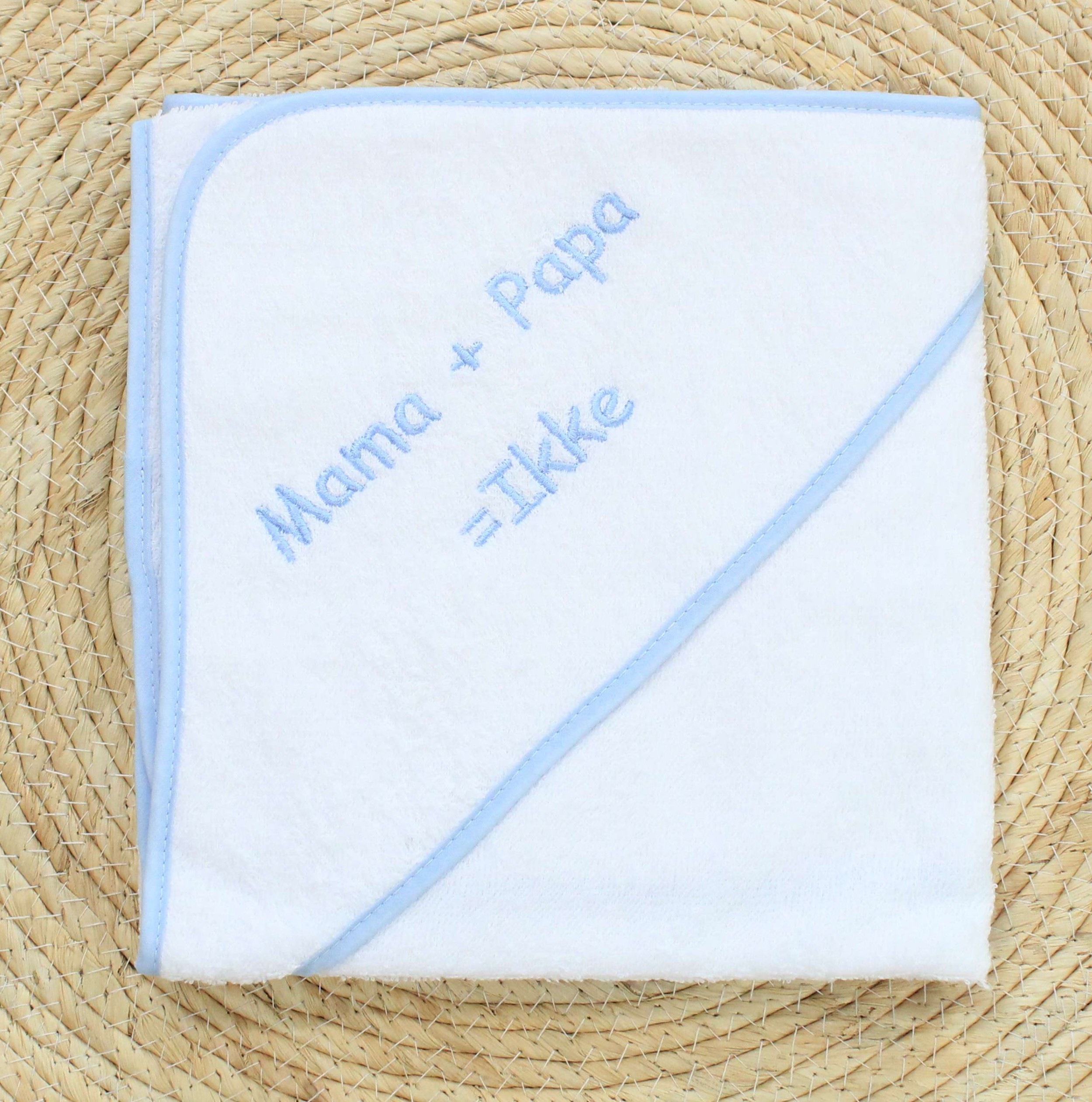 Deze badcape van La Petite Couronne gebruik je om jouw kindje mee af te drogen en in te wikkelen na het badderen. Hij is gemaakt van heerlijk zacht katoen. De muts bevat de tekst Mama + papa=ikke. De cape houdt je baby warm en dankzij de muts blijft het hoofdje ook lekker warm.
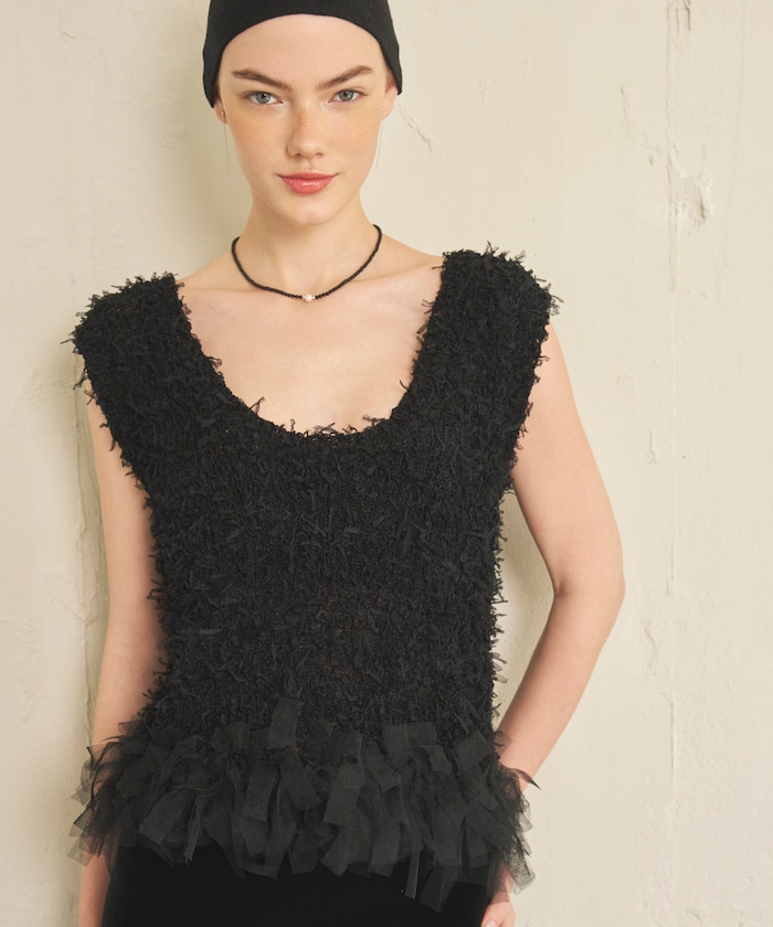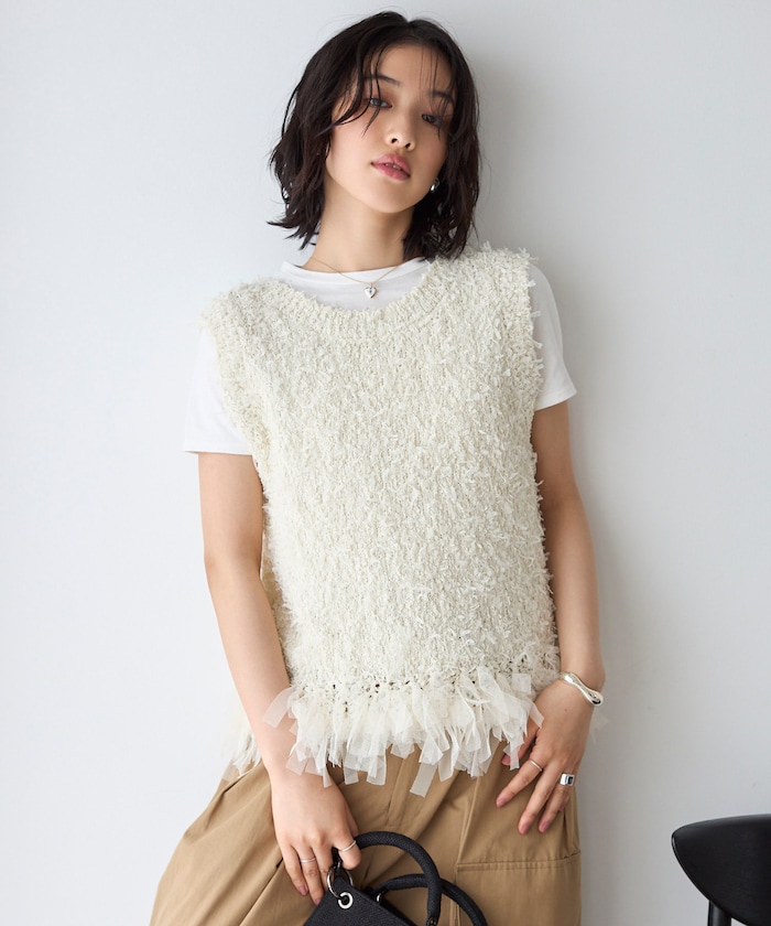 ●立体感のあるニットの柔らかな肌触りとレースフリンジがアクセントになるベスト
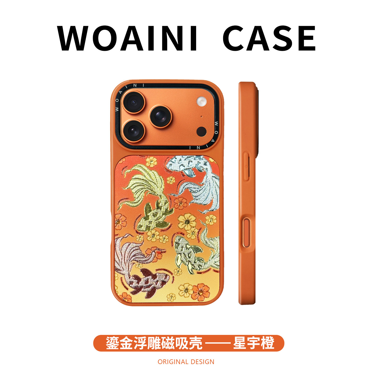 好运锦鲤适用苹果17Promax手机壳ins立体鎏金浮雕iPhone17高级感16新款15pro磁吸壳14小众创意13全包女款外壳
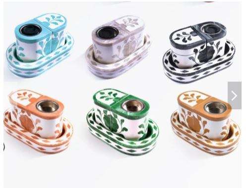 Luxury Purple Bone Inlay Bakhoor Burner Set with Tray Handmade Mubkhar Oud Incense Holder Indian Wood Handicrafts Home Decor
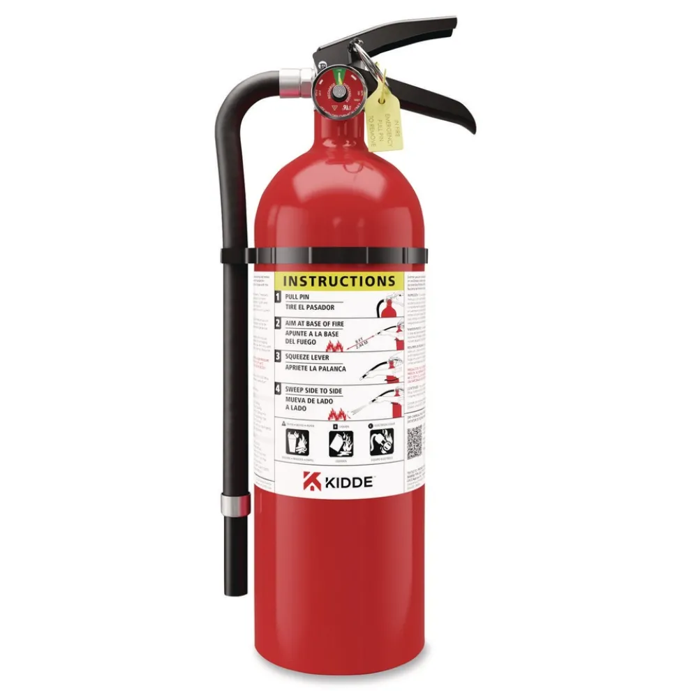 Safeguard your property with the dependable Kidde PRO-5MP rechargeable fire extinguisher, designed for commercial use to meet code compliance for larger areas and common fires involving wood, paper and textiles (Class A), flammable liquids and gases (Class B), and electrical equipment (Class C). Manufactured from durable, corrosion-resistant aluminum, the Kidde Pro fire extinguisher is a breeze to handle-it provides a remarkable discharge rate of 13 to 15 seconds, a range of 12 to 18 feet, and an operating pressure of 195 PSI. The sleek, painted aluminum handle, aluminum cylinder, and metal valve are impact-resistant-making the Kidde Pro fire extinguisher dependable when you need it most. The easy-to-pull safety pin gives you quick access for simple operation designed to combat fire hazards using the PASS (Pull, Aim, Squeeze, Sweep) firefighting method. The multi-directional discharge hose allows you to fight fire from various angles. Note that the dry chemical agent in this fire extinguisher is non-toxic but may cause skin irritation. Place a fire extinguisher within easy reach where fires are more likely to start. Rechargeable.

### [What is being asked]
Word for word, output the lines from the beginning of the listing through the line holding "Luxury Purple Bone" and nothing beyond them. Omit the pictures.

### [Final answer]
 Deze badcape van La Petite Couronne gebruik je om jouw kindje mee af te drogen en in te wikkelen na het badderen. Hij is gemaakt van heerlijk zacht katoen. De muts bevat de tekst Mama + papa=ikke. De cape houdt je baby warm en dankzij de muts blijft het hoofdje ook lekker warm.
 ●立体感のあるニットの柔らかな肌触りとレースフリンジがアクセントになるベスト
 好运锦鲤适用苹果17Promax手机壳ins立体鎏金浮雕iPhone17高级感16新款15pro磁吸壳14小众创意13全包女款外壳
 Luxury Purple Bone Inlay Bakhoor Burner Set with Tray Handmade Mubkhar Oud Incense Holder Indian Wood Handicrafts Home Decor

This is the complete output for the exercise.